Mereka tidak menyadari bahwa bila mereka mendirikan negara terpisah dari Irak, mereka akan menjadi negara yang sepenuhnya bergantung pada AS dan Eropa.

Bagaimana dengan Suriah?

Ada hal yang penting diketahui oleh orang Indonesia, bahwa apa yang terjadi di Suriah, keterlibatan Rusia, China, juga Iran di Suriah, memberikan dampak sangat besar bagi psikologi bangsa-bangsa Arab. Karena Dunia Arab selama beberapa dekade hidup sebagai bagian dunia yang ‘kalah’, mereka sebelumnya merasa tidak ada lagi yang bisa dilakukan; para pemimpin mereka sangat korup, Barat, Israel, Saudi, mengontrol penuh mereka, tidak ada lagi yang bisa dilakukan.  Yang tersisa hanyalah bagaimana menyelamatkan diri dan keluarga masing-masing. Suriah, meski harus mengalami berbagai kekalahan yang mengerikan, mampu menghentikan imperialisme Barat. Itulah sebabnya saya sering menjuluki Aleppo sebagai Stalingrad of Middle East; Suriah bagaikan kota Stalingrad yang dulu berhasil menahan NAZI dan mengubah arah Perang Dunia II.

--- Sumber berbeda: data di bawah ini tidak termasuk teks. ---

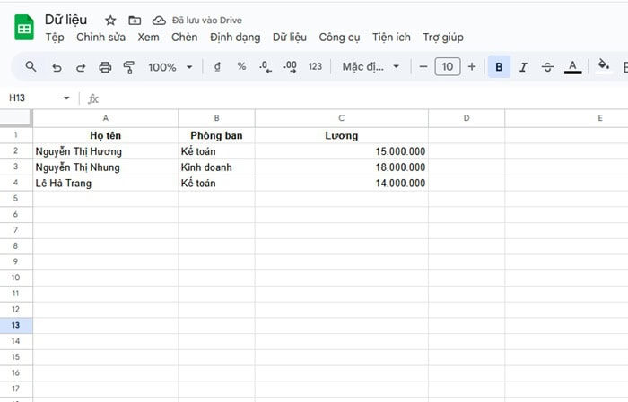 *Yêu cầu: Xác định mức lương của Nguyễn Thị Nhung thuộc phòng Kinh doanh.

Saat ini di Dunia Arab muncul optimisme, orang-orang menyaksikan. Sebagian dari mereka mungkin tidak menyukai pemerintah Suriah, tapi semua menantikan kemenangan [melawan Barat].  Mereka  juga sangat optimis dan berharap bahwa Rusia, juga China, akan terus berdiri bersama mereka. Sebagian dari mereka, yang tidak anti Iran tentu saja, melihat peran Iran sangat penting.

Tapi intinya, bangsa-bangsa Arab melihat kemungkinan terjadinya perubahan dan penyusunan kembali ini [tatanan baru Timteng –red]. Ada dua negara yang sangat kuat di kawasan, Turki dan Iran. Iran sudah jelas kini bersama Rusia dan China. Turki, yang dikhianati oleh Uni Eropa, dan menghadapi ancaman kudeta yang disponsori AS,  kini  semakin mendekat ke Rusia dan China. Dalam perseteruan Qatar vs Saudi, Turki dan Iran sama-sama membantu Qatar. Keduanya juga berkolaborasi dengan Rusia untuk mencari solusi bagi Suriah.

Intinya, ada proses perubahan besar di kawasan dan ada harapan besar; dan kini bangsa Arab melihat bahwa ada solusi yang mungkin diraih, bahwa Arab bukan lagi menjadi pihak yang dikalahkan, bahwa mereka bisa memperjuangkan kepentingan mereka. Ini adalah momentum yang penting saat ini. Dan para pemimpin negara-negara Arab yang umumnya dididik oleh Barat kini gemetar ketakutan karena selama berdekade-dekade mereka sudah menjual kepentingan bangsa kepada Barat; dan masa ini sedang mendekati akhir.

Anda pernah bergabung dengan Long March di Irak (Arbaeen Walk)?

Belum. Sebenarnya tahun ini saya dapat undangan ke sana, bersama sekitar seratus jurnalis lainnya, untuk meliput acara itu, tapi saya tidak bisa karena harus ke Laos. Mungkin tahun depan saya akan ikut.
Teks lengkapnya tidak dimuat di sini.